(Assignment):
Drop every picture. Return the rest of the entries exactly.

======== Material for this exercise

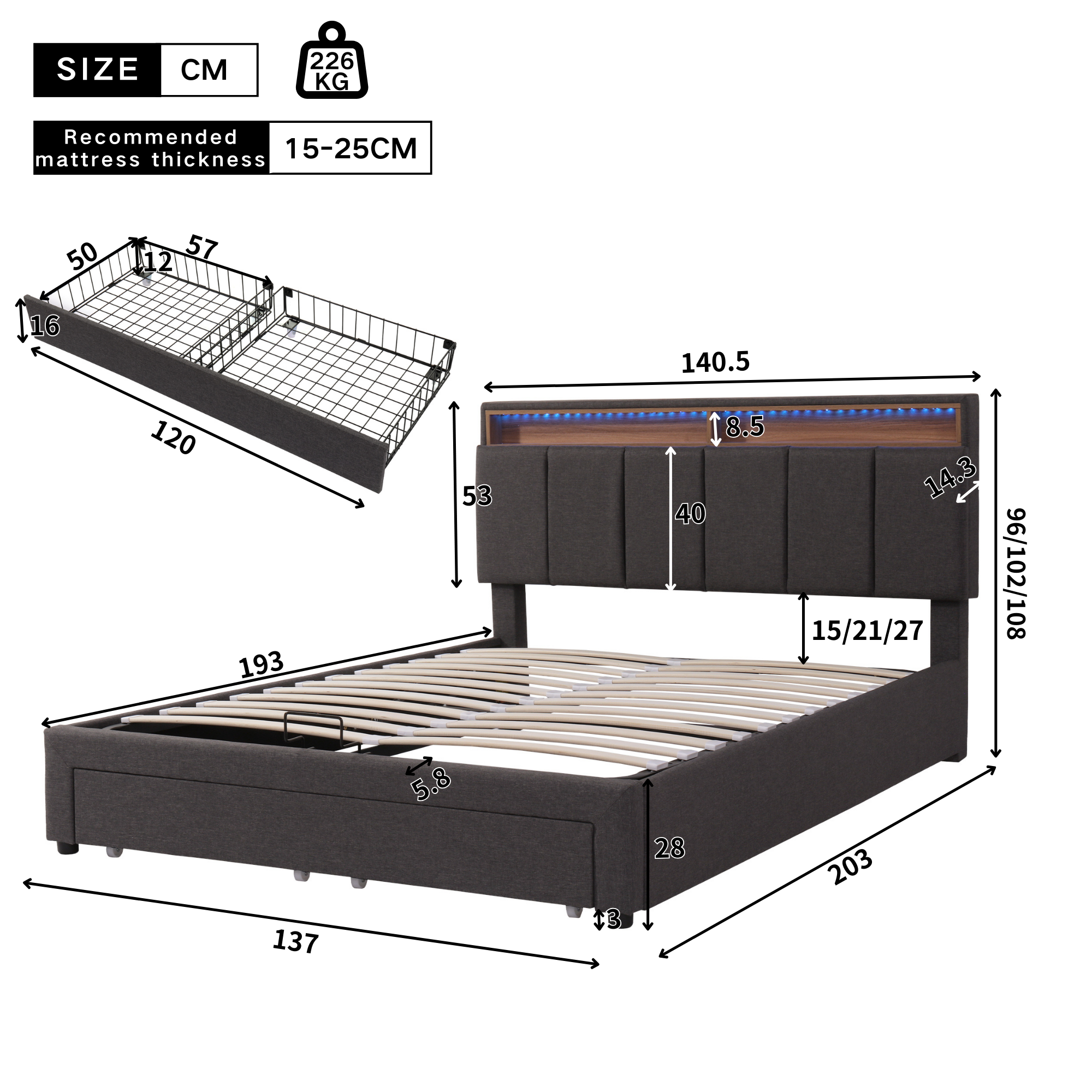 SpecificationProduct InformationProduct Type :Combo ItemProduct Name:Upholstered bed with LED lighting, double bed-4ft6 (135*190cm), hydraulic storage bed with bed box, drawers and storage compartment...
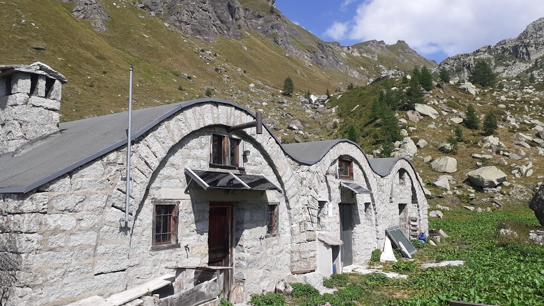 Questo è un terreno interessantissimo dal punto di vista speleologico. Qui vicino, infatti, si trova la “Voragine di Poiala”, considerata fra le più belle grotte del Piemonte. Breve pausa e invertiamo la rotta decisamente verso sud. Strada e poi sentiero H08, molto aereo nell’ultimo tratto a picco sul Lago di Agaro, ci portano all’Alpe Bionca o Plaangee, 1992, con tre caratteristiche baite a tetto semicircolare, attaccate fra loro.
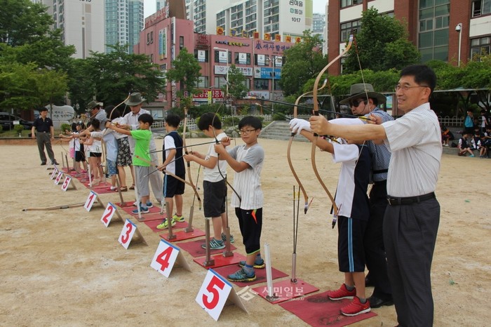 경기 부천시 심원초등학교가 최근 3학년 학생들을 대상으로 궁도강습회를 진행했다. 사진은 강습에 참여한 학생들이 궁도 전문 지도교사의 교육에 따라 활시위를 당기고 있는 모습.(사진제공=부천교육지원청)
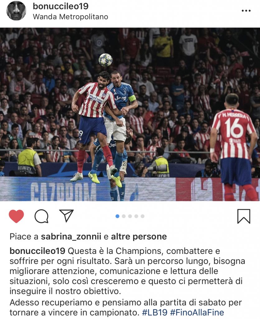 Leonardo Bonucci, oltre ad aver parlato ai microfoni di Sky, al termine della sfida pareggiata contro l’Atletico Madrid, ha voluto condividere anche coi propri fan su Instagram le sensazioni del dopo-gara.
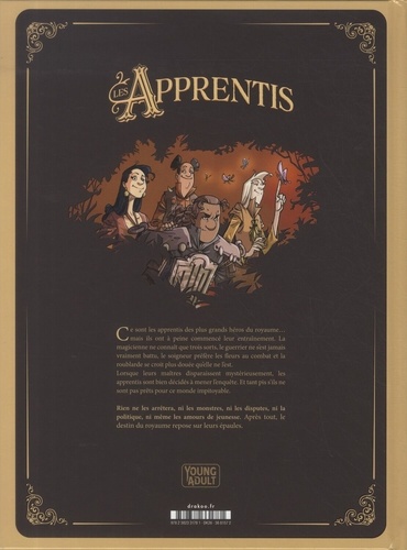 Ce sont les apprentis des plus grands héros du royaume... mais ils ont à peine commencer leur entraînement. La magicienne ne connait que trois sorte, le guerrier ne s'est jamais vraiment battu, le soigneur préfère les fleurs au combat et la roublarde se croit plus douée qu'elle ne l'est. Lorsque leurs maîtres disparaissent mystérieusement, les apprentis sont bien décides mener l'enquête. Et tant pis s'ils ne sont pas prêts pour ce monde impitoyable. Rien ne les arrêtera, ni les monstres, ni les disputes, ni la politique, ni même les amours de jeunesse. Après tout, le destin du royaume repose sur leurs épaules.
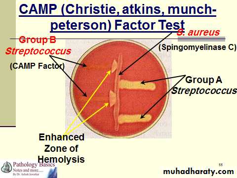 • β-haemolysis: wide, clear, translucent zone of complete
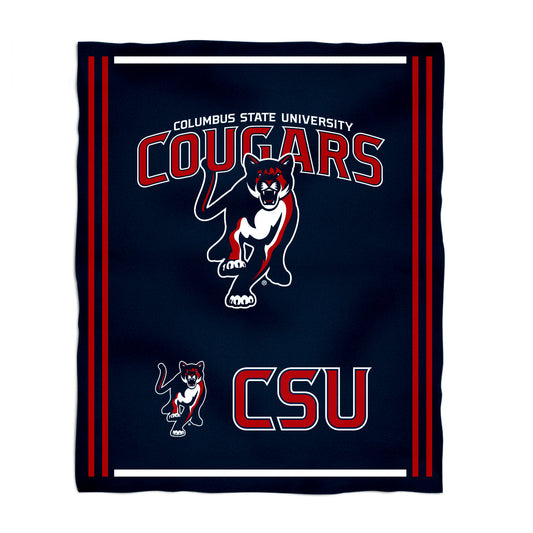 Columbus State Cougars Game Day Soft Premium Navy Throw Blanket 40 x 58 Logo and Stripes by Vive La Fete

================

(Response to the exercise):
 SpecificationProduct InformationProduct Type :Combo ItemProduct Name:Upholstered bed with LED lighting, double bed-4ft6 (135*190cm), hydraulic storage bed with bed box, drawers and storage compartment...
 Questo è un terreno interessantissimo dal punto di vista speleologico. Qui vicino, infatti, si trova la “Voragine di Poiala”, considerata fra le più belle grotte del Piemonte. Breve pausa e invertiamo la rotta decisamente verso sud. Strada e poi sentiero H08, molto aereo nell’ultimo tratto a picco sul Lago di Agaro, ci portano all’Alpe Bionca o Plaangee, 1992, con tre caratteristiche baite a tetto semicircolare, attaccate fra loro.
 경기 부천시 심원초등학교가 최근 3학년 학생들을 대상으로 궁도강습회를 진행했다. 사진은 강습에 참여한 학생들이 궁도 전문 지도교사의 교육에 따라 활시위를 당기고 있는 모습.(사진제공=부천교육지원청)
 Leonardo Bonucci, oltre ad aver parlato ai microfoni di Sky, al termine della sfida pareggiata contro l’Atletico Madrid, ha voluto condividere anche coi propri fan su Instagram le sensazioni del dopo-gara.
 Ce sont les apprentis des plus grands héros du royaume... mais ils ont à peine commencer leur entraînement. La magicienne ne connait que trois sorte, le guerrier ne s'est jamais vraiment battu, le soigneur préfère les fleurs au combat et la roublarde se croit plus douée qu'elle ne l'est. Lorsque leurs maîtres disparaissent mystérieusement, les apprentis sont bien décides mener l'enquête. Et tant pis s'ils ne sont pas prêts pour ce monde impitoyable. Rien ne les arrêtera, ni les monstres, ni les disputes, ni la politique, ni même les amours de jeunesse. Après tout, le destin du royaume repose sur leurs épaules.
 • β-haemolysis: wide, clear, translucent zone of complete
 Columbus State Cougars Game Day Soft Premium Navy Throw Blanket 40 x 58 Logo and Stripes by Vive La Fete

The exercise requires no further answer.